Brexit: North’s mushroom industry under threat due to end of free movement, trade body warns

The Mushroom Growers Association said farms in the north have been left in “a desperate situation which is not of their making”.

The Mushroom Growers Association has warned the industry could disappear in the next few years if the UK Government doesn't make it easier for migrant workers to arrive here.
The Mushroom Growers Association has warned the industry could disappear in the next few years if the UK Government doesn't make it easier for migrant workers to arrive here.

THE north’s £64.5 million mushroom industry could disappear in the next few years due to the loss of free movement of workers post-Brexit, a trade body has warned.

The Northern Ireland Mushroom Growers Association (NIMGA), which represents eight of the north’s 10 remaining mushroom farms, said local firms have a vacancy rate of almost 16 per cent.

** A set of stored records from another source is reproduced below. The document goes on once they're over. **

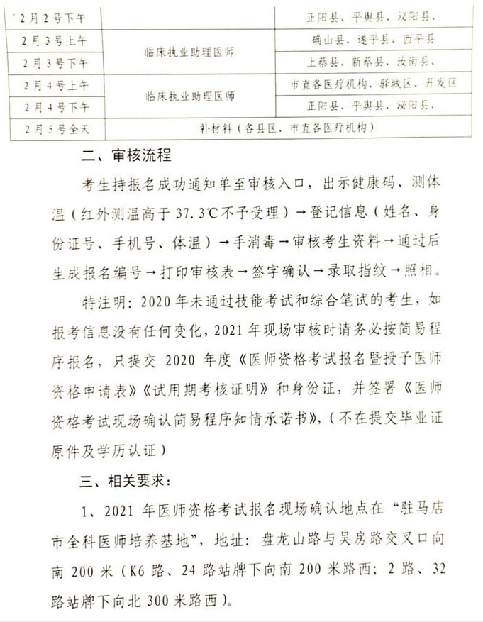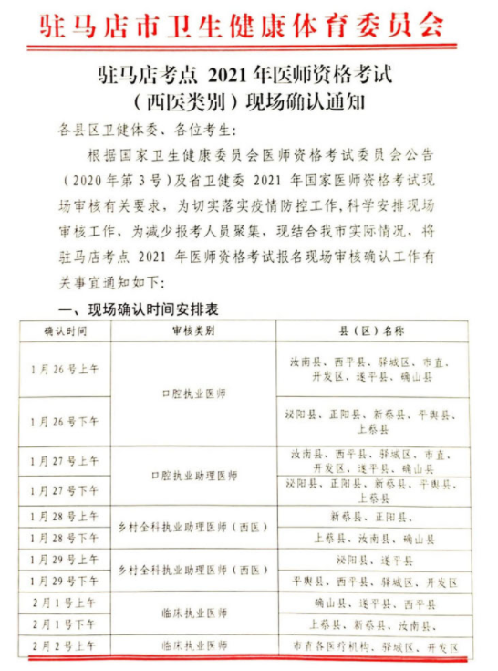 河南省駐馬店考點(diǎn)2021年醫(yī)師資格考試(西醫(yī)類別)現(xiàn)場(chǎng)確認(rèn)通知
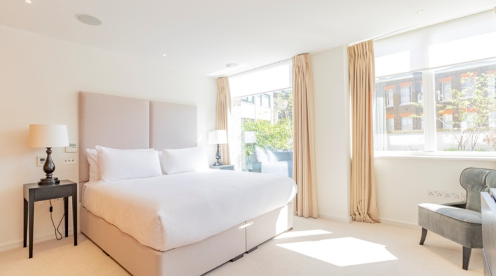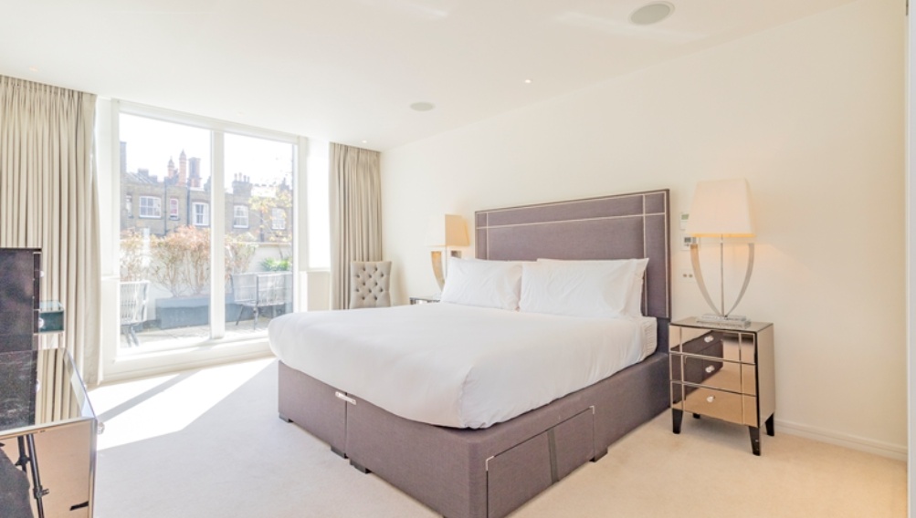 Both double bedrooms are well-proportioned and benefit from luxurious en-suite bathrooms. The principal bedroom further enjoys access to a large private terrace, providing an additional outdoor retreat. A patio garden accessed from the reception room enhances the indoor-outdoor living experience.
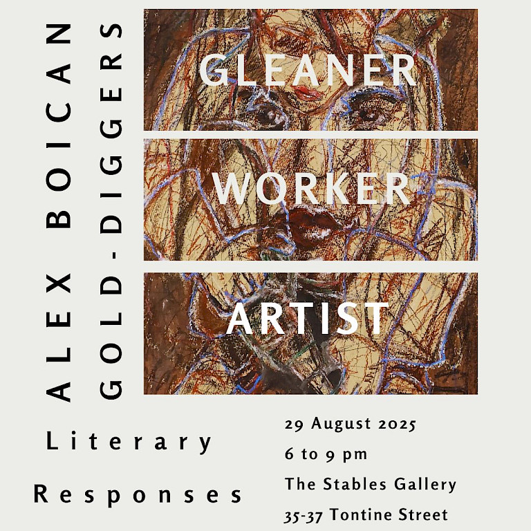 An evening of poetry. Literary responses by various local writers responding to the themes explored by Alex Boican in his show, Gold Diggers.
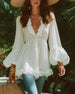 SPECIFIKATIONER Topptyp: Blusar Stil: Elegant Material: Bomullsblandningar Tillfälle: Dagligen Urringning: V-hals_V Mönstertyp: Enfärgade Typ av ärm: Lykthylsa Ärmlängd: Långärmad Passform typ: Vanlig Säsong: Vår,Sommar Detaljer: Rufsad Paketet innehåller: 1 x Blus STORLEKSTABELL(cm) Storlek Byst Längd S 97 65 M 101 66.5 L 105 68 XL ...
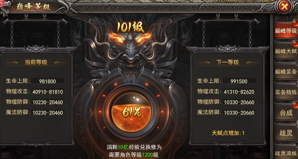 4.巅峰等级升级后,增加任务属性与天赋点。
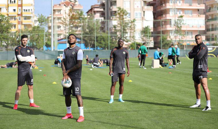 Aytemiz Alanyaspor’un başarılı golcüleri Junior Fernandes, Djalma Campos, Welinton De Souza ve file bekçisi Jose Marafona, antrenman sonrası verdikleri sosyal mesafeli pozla dikkat çekti.
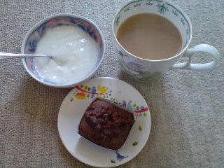 紅茶、ヨーグルト、ブラウニー。ちょっと食べすぎってぐらいなんだけど。
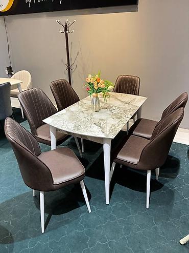 - Mərmər naxışlı üstlü masa və tünd qəhvəyi-yumşaq oturacaqlar, bel hissəsində dekorativ tikişlər.
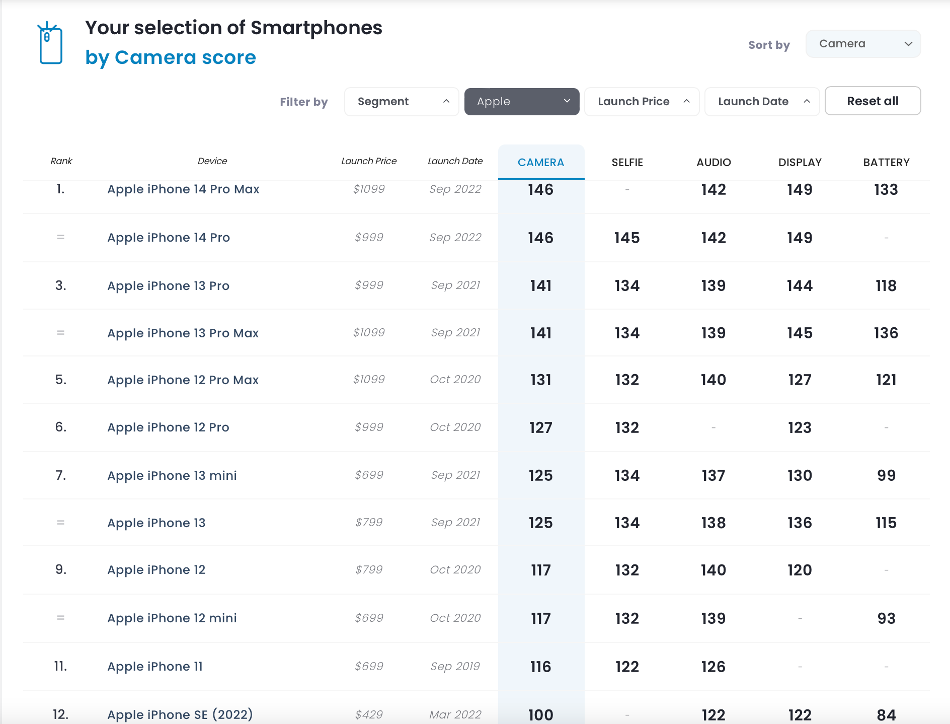 Um der Frage nachzugehen, ob sich ein Neukauf für Fotografen wirklich lohnt, sollte man zunächst zwei Ansätze trennen: Labortests und Realwelt-Tests. Wer der Objektivität und der Vergleichbarkeit von Prüfungen mit optischen Messverfahren den Vorzug gibt, findet bei DXO eine Übersicht über alle Apple-iPhones der letzten Jahre und die Leistungswerte der Mittbewerber. Hier ein Auszug:
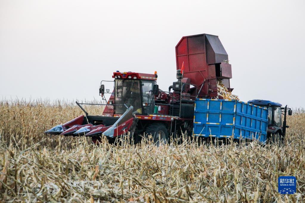 10月29日,在內蒙古通遼市科爾沁左翼中旗花吐古拉鎮三家子村的鹽堿化耕地改良試點示范區,農機手駕駛收割機收割玉米。
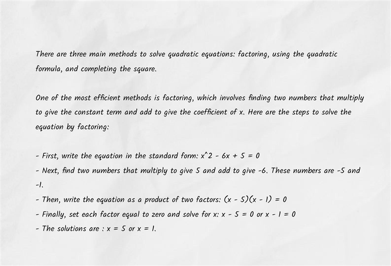 Fine the solution(s) to the education using an efficient method. X^2-6x 5=0
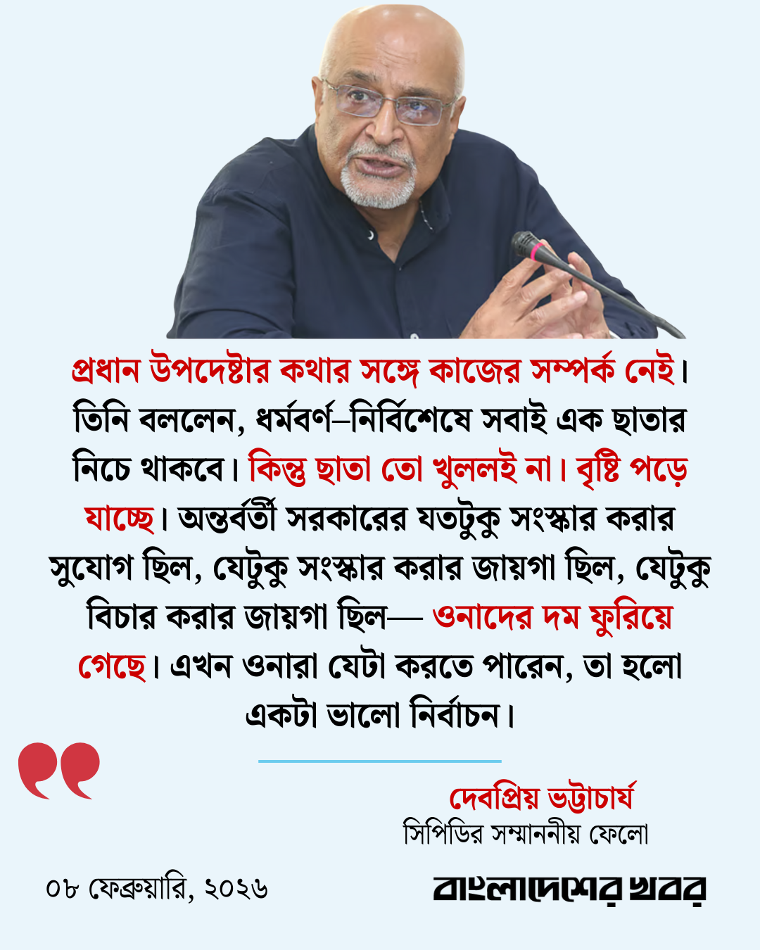 ফলাফল প্রকাশের পর আলোচনায় দেবপ্রিয় ভট্টাচার্য বলেন, ‘প্রধান উপদেষ্টার কথার সঙ্গে কাজের সম্পর্ক নেই। তিনি বললেন, ধর্মবর্ণ–নির্বিশেষে সবাই এক ছাতার নিচে থাকবে। কিন্তু ছাতা তো খুললই না। বৃষ্টি পড়ে যাচ্ছে।’

It has called on the UK Government to add mushroom pickers to its shortage occupation list (SOL) to address the gap.

The list includes occupations where there is a shortage of suitable skilled labour in the UK, making it easier for employers to source migrant workers through a skilled work visa.

The north’s mushroom industry is responsible for producing 10 per cent of all mushrooms sold across the UK and accounts for 40 per cent of horticultural output in Northern Ireland.

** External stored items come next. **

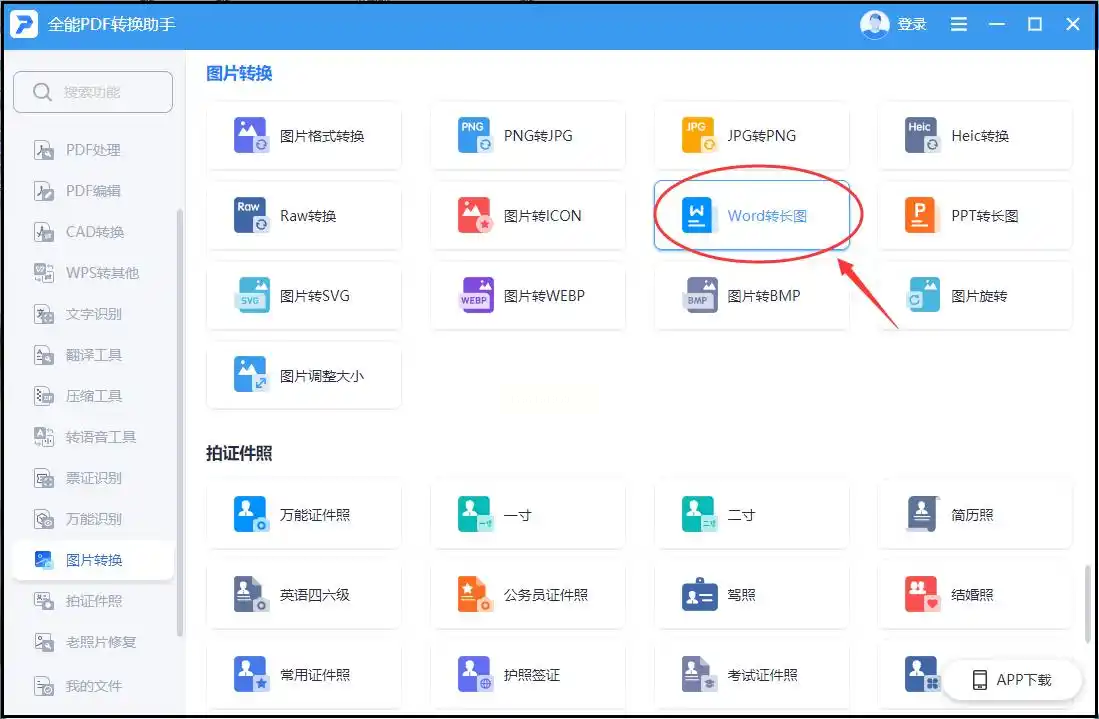 步骤一:在电脑上打开该软件,在功能导航栏中找到“图片转换”或类似分类,然后选择“Word转长图”功能。
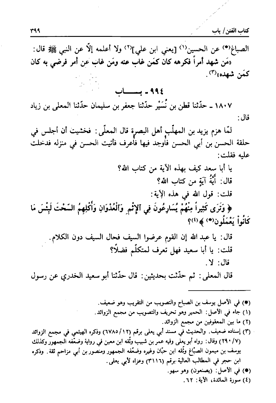 1807 - حَدَّثَنَا قَطَنُ بْنُ نُسَيْرٍ، حَدَّثَنَا جَعْفَرُ بْنُ سُلَيْمَانَ، حَدَّثَنَا الْمُعَلَّى بْنُ زِيَادٍ قَالَ: لَمَّا هَزَمَ يَزِيدُ بْنُ الْمُهَلَّبِ أَهْلَ الْبَصْرَةِ قَالَ الْمُعَلَّى: فَخَشِيتُ أَنْ أَجْلِسَ فِي حَلْقَةِ الْحَسَنِ بْنِ أَبِي الْحَسَنِ فَأُوجَدُ فِيهَا فَأُعْرَفُ فَأَتَيْتُ الْحَسَنَ فِي مَنْزِلِهِ فَدَخَلْتُ عَلَيْهِ فَقُلْتُ: يَا أَبَا سَعْدٍ، كَيْفَ بِهَذِهِ الآيَةِ مِنْ كِتَابِ اللَّهِ؟ قَالَ: أَيَّةُ آيَةٍ مِنْ كِتَابِ اللَّهِ؟ قُلْتُ: قَوْلُ اللَّهِ فِي هَذِهِ الآيَةِ: {وَتَرَى كَثِيرًا مِنْهُمْ يُسَارِعُونَ فِي الإِثْمِ وَالْعُدْوَانِ وَأَكْلِهِمُ السُّحْتَ لَبِئْسَ مَا كَانُوا يَعْمَلُونَ} [المائدة: 62] ؟ قَالَ: يَا عَبْدَ اللَّهِ إِنَّ الْقَوْمَ عَرَضُوا السَّيْفَ فَحَالَ السَّيْفُ دُونَ الْكَلامِ.
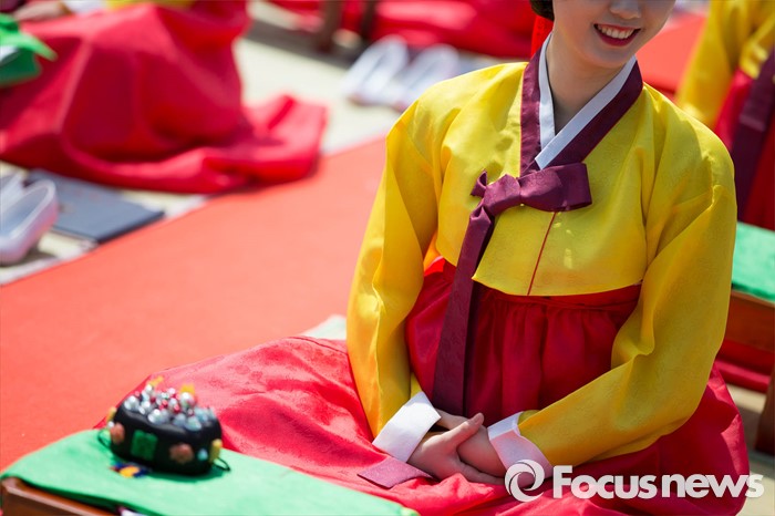 (서울=포커스뉴스) 16일 오전 서울 중구 남산골 한옥마을 천우각 광장에서 열린 제44회 성년의 날 행사에 참석한 학생들이 전통 성년례를 올리고 있다.
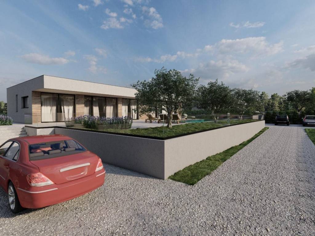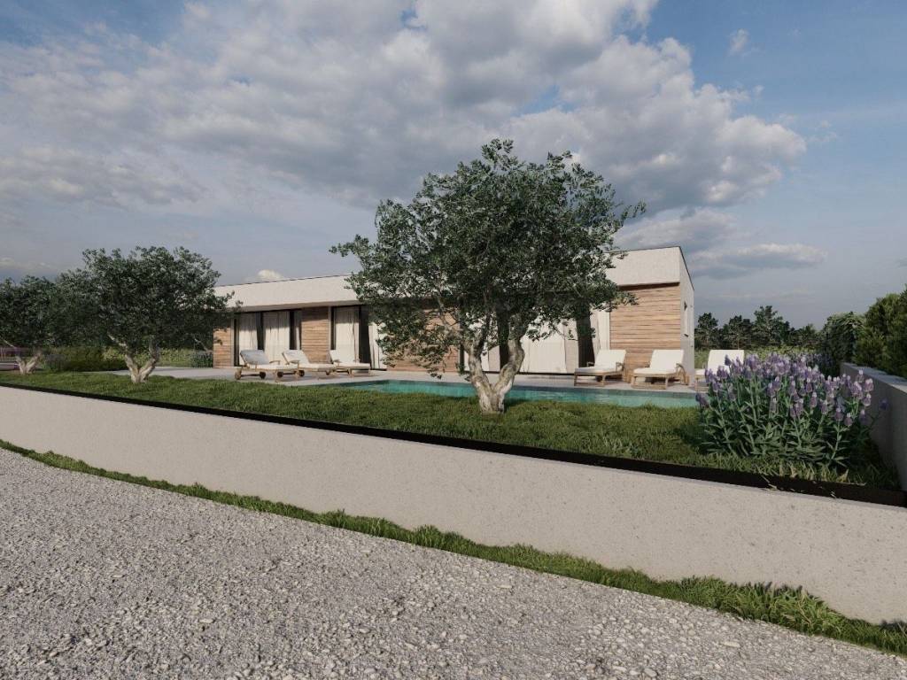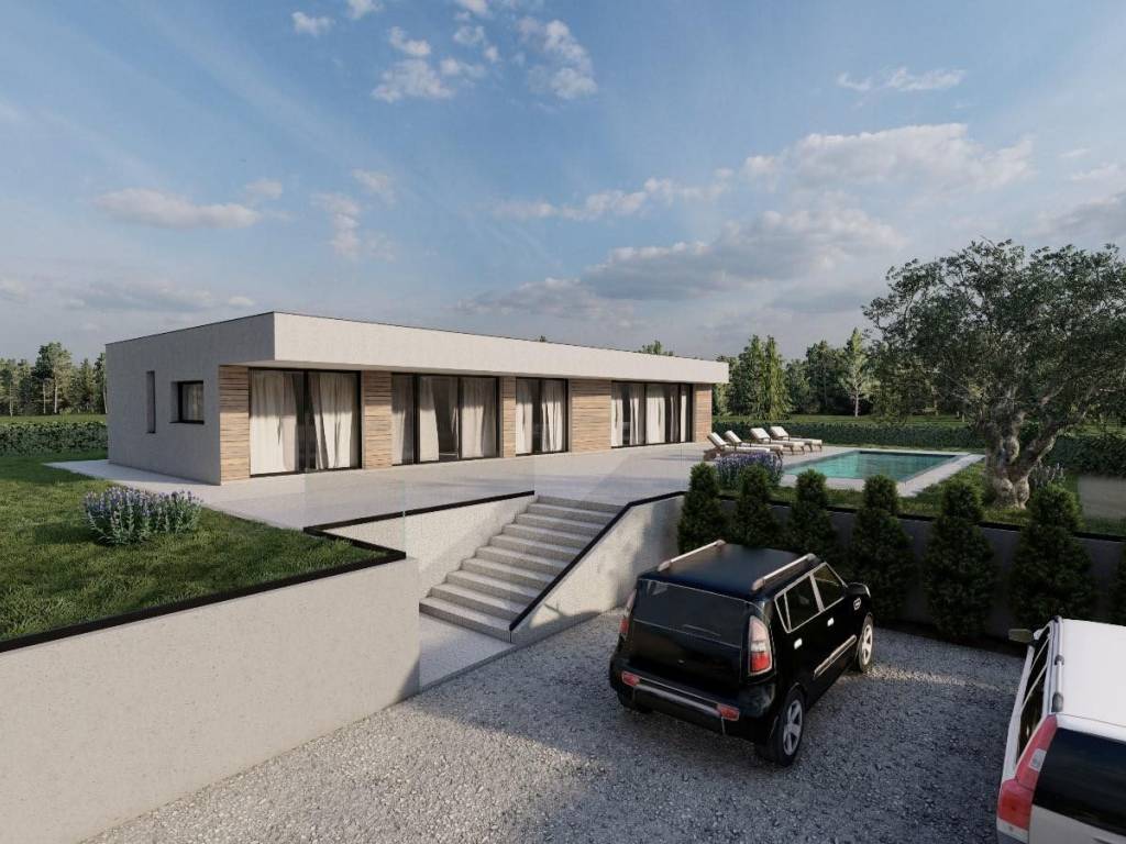 In the vicinity of the town of Labin, a spacious modern house with swimming pool is for sale.

There are around 723 people now employed full-time within the industry, with more than 300 employed in the supply chain.

Approximately 95 per cent of workers come from EU member states.

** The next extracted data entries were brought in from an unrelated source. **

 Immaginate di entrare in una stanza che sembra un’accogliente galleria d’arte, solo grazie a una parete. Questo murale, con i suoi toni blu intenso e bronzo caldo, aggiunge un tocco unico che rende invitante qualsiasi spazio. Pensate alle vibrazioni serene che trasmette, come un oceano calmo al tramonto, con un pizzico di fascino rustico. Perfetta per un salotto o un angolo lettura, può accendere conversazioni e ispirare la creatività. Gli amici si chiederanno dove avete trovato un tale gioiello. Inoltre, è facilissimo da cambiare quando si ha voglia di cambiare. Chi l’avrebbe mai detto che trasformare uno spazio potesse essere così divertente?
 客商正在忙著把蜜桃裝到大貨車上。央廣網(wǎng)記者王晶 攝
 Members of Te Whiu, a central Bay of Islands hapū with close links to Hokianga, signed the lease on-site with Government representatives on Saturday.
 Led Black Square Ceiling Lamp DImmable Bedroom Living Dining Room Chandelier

NMGA chair, Frank Donnelly said efforts to recruit local workers has not produced the numbers required to meet the demand.

“We are currently sitting with a vacancy rate of 15.8 per cent, which ultimately drives costs up and means we are not able to be as competitive as growers in other regions,” he said.

“The challenge of recruiting local workers to the sector is not unique to Northern Ireland. The horticultural industry across the world has similar challenges, however what is unique to this region is that governments in other jurisdictions have stepped in to create more favourable visa conditions to attract workers from other countries.

“For example, the Irish Government introduced a Rest of the World visa for workers in some industries (including horticulture) to come and work for up to five years. This is on top of the access to labour from other EU member states through freedom of movement.

“With 95 per cent of our workers coming from EU member states, and the end of freedom of movement because of Brexit, farms in Northern Ireland have been left in a desperate situation which is not of their making,” said the association chair.

“Our farms are resilient but the cumulative impact of the lack of access to labour, rising business costs as well lack of competitive playing field with our neighbours in the Republic of Ireland means that farmers are increasingly faced with the prospect of closure or moving operations to the south.

“We hope that the MAC [Migration Advisory Committee], and UK Government, will see the devastating impact which the lack of access to a labour market is having on our industry, and ensure the inclusion of mushroom pickers on the SOL.”